Two authors (R.J.W. and J.M.) analyzed all the data (the page view numbers, full-text article download numbers, Google search numbers, organic web-based search numbers, and ISI times cited) in an intention-to-treat fashion, meaning that all articles were analyzed as originally randomized independent of any changes made to the article or its publishing schedule after randomization. Here, we have presented the median counts and the count at the 25th and 75th percentiles. We have presented binary data as percentages. We have compared the outcomes between the SoMe and NoSoMe groups of articles using Wilcoxon rank-sum tests, and we have used signed rank tests for within-group comparisons of the number of views for 0–30 days and 31–60 days. In all cases, we considered 2-tailed P values < .05 to be statistically significant. We analyzed the data with SAS software (version 9.3, SAS Institute Inc., Cary, North Carolina). The study was initially powered incorporating 30 articles per group over 2 months, providing 80% power to detect a difference of 50 unique views assuming a standard deviation rate of 50% of the primary outcome.4
Types of articles randomized to the SoMe versus NoSoMe groups are characterized in Table 1. Notably, we detected no differences in the groups—in total or on a per-month basis—in terms of article type. In addition, we detected no differences in traditional content promotion by press releases between the SoMe group (6 [18%]) and the NoSoMe group (4 [12%], P = .22; Table 1).

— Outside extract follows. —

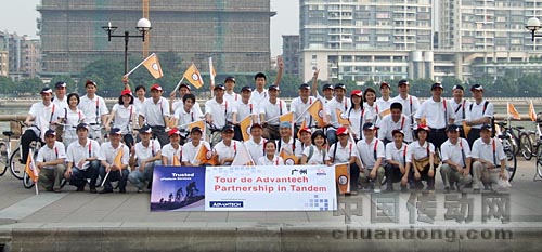 在讀書會之后,開始了別開生面的騎自行車活動。40余人環繞風景美麗的二沙島參加了一場輕松自由、充滿活力的自行車騎游活動,這是為了紀念研華成立25周年特別推出的"研華全球自行車車旅"。大家跟隨著領隊車,著裝統一的自行車隊依次駛出,沿著二沙島、美麗的珠江邊,一路旗幟飄動,笑聲不斷,組成了一道別有特色的研華風景線。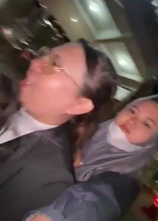 . The video starts with a quick shot of a pink wall and what appears to be ground with grass or foliage. Then the camera moves inside a car, where two women are visible. One of the women is wearing glasses and has her head resting on the lap of the other woman. The woman whose lap is being used is visible from the shoulders up. The woman with glasses speaks and appears to be looking upwards. The camera is in motion.

Total website visits (Table 2) at 0–30 days were significantly higher in the SoMe group versus the NoSoMe group (1,070 median visits [25th percentile: 563; 75th percentile: 2,361] vs 265 [148; 570], P < .001) and at 31–60 days (194 median visits [62; 594] vs 69.5 [25; 161], P = .009). Similarly, full-text article downloads were significantly higher at 0–30 days in the SoMe group (1,042 median downloads [25th percentile: 497; 75th percentile: 2,133] vs 142 [50; 335] for the NoSoMe group, P <.001), and this pattern was sustained at 31–60 days (115 median downloads [31; 394] vs 21 [7; 150], P =.003). Organic search website visits (non-Google searches) were not different between the groups at 0–30 days after publication (17.5 median searches [25th percentile: 10; 75th percentile: 40] for the SoMe group vs 10.5 [9; 38] for the NoSoMe group, P = .41) or at days 31–60 after publication (5 median searches [1; 13] vs 5 [3; 13], P = .69). Google website searches were also not different between the 2 groups in days 0–31 (57.5 median searches [21; 110] for the SoMe group vs 29.5 [24; 97] for the NoSoMe group, P = .61) or in days 31–60 days after publication (15 [4; 29] vs 10.5 [8; 33], P = .65).
Table 3 demonstrates the impact of individual social media channels on article views with each platform. Specifically, increases in SoMe-associated access to the MCP articles through the entire 60-day period were demonstrated with each platform as follows:
- Twitter (90 median article views [25th percentile: 64; 75th percentile: 138] vs 1 median article view [0; 14], P < .001),
- Facebook (526 median article views [274; 1,194] vs 2.5 article views [1; 6], P < .001), and
- LinkedIn (31.5 median article views [12; 54] vs 0 [0; 1], P < .001).
Despite the aforementioned positive effects of SoMe promotion on article views, survey of the ISI Web of Knowledge database revealed that the median “Times Cited” during 2015–2017 were not statistically different between the SoMe group (3.0 [0; 6]) and the NoSoMe group (3.0 [1; 9]; P = .66).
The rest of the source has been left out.